• _Task details_: In the material below, the lines from the one containing "Жінка продає дідухи" through the one containing "Monsters of Metal" are to be given again exactly, ends included, and no others.

• _The records_:
┌──

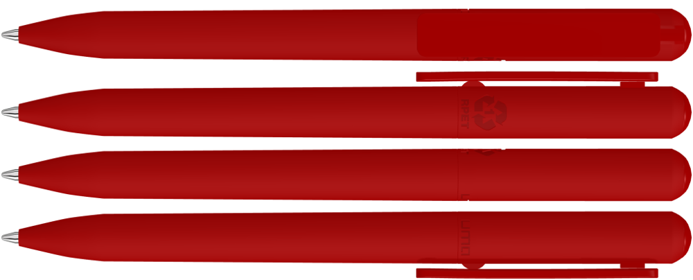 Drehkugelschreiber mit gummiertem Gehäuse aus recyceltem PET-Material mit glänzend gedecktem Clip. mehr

└──
┌──

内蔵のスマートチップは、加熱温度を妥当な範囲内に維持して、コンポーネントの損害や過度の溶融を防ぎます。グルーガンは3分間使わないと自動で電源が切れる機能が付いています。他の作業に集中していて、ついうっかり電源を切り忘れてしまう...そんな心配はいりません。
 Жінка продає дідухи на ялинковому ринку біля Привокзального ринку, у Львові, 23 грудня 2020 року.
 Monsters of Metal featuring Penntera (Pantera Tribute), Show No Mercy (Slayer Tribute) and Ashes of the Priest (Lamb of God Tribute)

└──
┌──

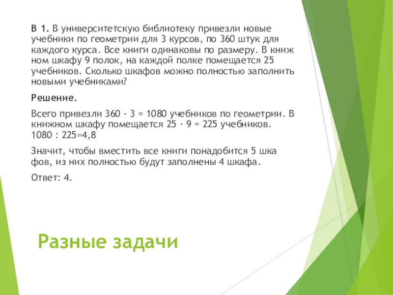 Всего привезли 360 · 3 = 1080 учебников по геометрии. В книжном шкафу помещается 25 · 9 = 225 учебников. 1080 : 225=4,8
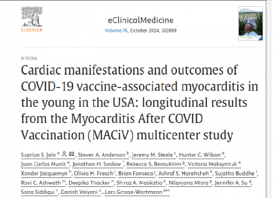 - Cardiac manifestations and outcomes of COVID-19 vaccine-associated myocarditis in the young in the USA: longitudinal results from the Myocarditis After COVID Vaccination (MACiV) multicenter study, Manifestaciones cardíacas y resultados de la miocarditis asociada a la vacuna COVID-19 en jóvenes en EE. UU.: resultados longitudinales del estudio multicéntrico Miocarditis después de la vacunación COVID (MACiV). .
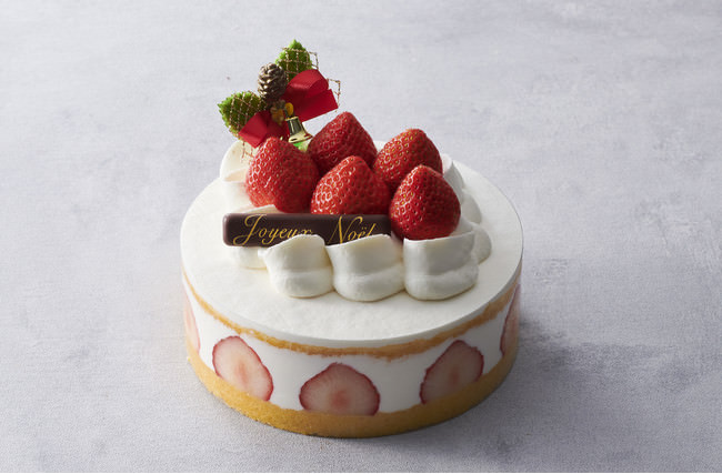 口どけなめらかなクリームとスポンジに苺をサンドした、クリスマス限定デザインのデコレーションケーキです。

└──

• _Result of the task_:
 Жінка продає дідухи на ялинковому ринку біля Привокзального ринку, у Львові, 23 грудня 2020 року.
 Monsters of Metal featuring Penntera (Pantera Tribute), Show No Mercy (Slayer Tribute) and Ashes of the Priest (Lamb of God Tribute)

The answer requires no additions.